An international collaboration involving conservators and curators from Agnes and the Art Conservation Program at Queen’s University, the Mauritshuis, The Hague and the Ashmolean Museum of Art and Archaeology, University of Oxford focuses on utilizing new examination technologies to better understand the materials and painting techniques used by Rembrandt and his circle.

They are looking at character studies from all three art collections that are by or have been attributed to Rembrandt in the past. His Head of an Old Man in a Cap (around 1630) was examined with a 3D digital microscope (Hirox) and M6 Jetstream Macro XRF scanner, revealing the order in which the preparatory layers and paint layers were applied.

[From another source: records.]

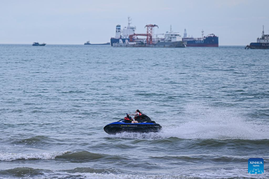 A tourist experiences a water recreation activity in Sanya Bay of Sanya, south China's Hainan Province, Aug. 30, 2023. In recent days, China's Ministry of Ecology and Environment released the second batch of beautiful bay cases, which listed 12 cases including Haikou Bay and Sanya Bay of Hainan. A case of beautiful bay should provide graceful seaside scenery, harmonious environment, and ecological products of high quality. (Xinhua/Pu Xiaoxu)
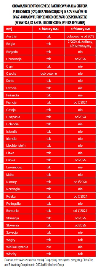 Komisja Europejska udzieliła Niemcom pozwolenia na rozpoczęcie stosowania dobrowolnego e-fakturowania B2B od stycznia 2025 r. Obowiązek, dotyczący firm z obrotem przekraczającym 800 tys. euro, wejdzie dopiero od 2027 r. We Francji e-faktury są dobrowolne, obowiązek zacznie być wprowadzany w latach 2024-2026, początkowo dla firm zatrudniających ponad 5 tys. pracowników i z rocznym przychodem ponad 1,5 mld euro. W Skandynawii e-fakturowanie B2B jest dobrowolne.
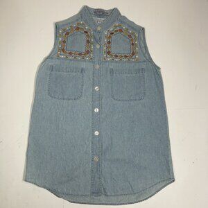 Vtg Country Legends Sleeveless Women Denim Shirt Beaded Embroidered Western Sz S
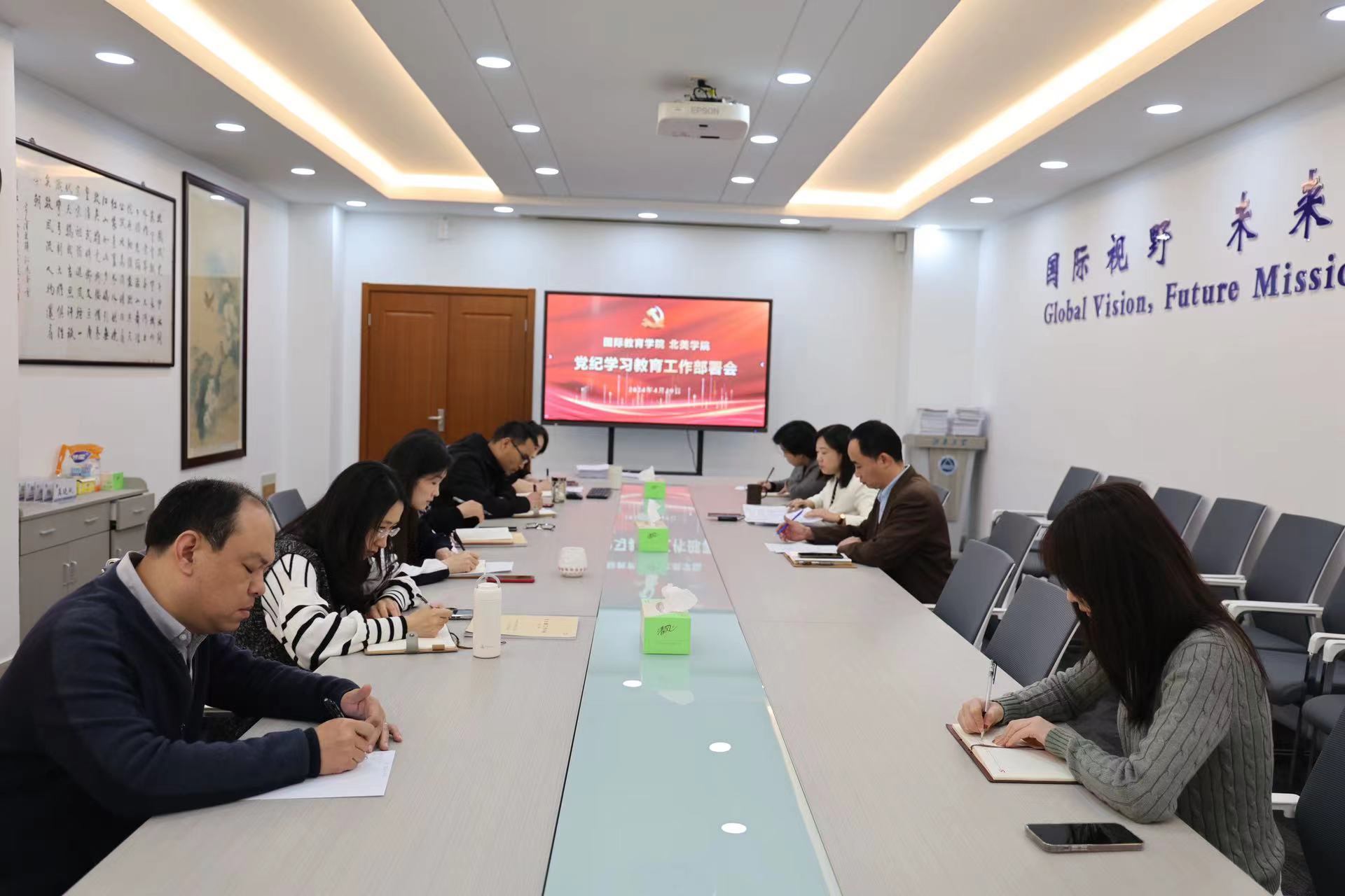 4月19日上午,国际教育学院、北美学院在学院B306会议室召开党纪学习教育工作部署会,院党总支副书记、纪检委员、全体党支部书记、党支部委员、科级干部参加,会议由党总支书记王晖主持。
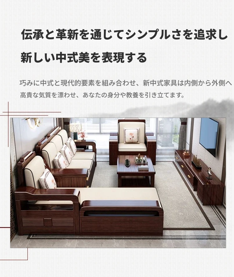 三人用+茶水キャビネット+貴妃ソファ+茶卓+テレビキャビネット
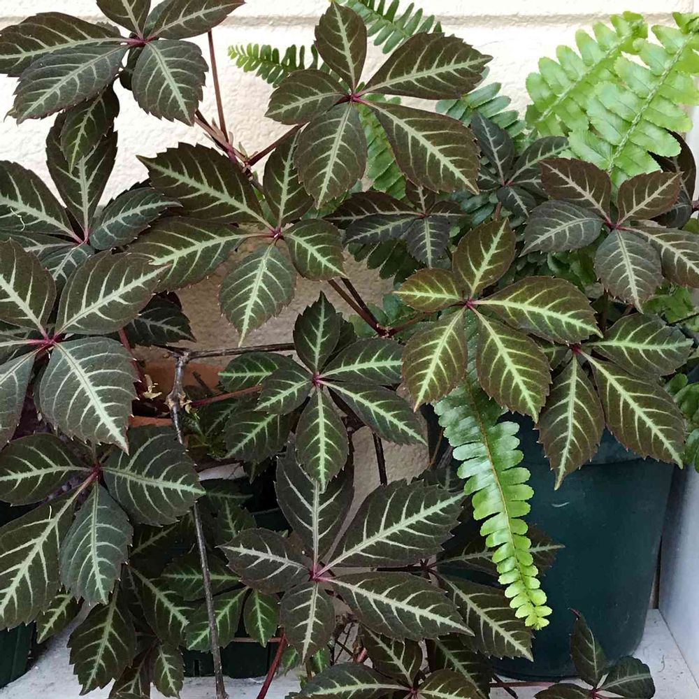 冬取り込む前まで隣に置いといたタマシダがいつの間にかヘンリーヅダの鉢に同居している

The use of the Hirox microscope also allowed for a detailed examination of Rembrandt’s brush handling and the scratched paint he used to delineate hairs in the subject’s eyebrows and beard.

“Technical examination of more securely attributed works, such as our Head of an Old Man in a Cap, provides valuable context against which to analyse paintings with uncertain attributions,” says Suzanne van de Meerendonk, Bader Curator of European Art. “But since technical knowledge circulated and materials were shared in artist workshops, we can also learn a lot from works created in those settings.”

In expanding the technical knowledge of these paintings, the research study provides exciting new insights into Rembrandt’s stylistic development and material experimentation during his early period.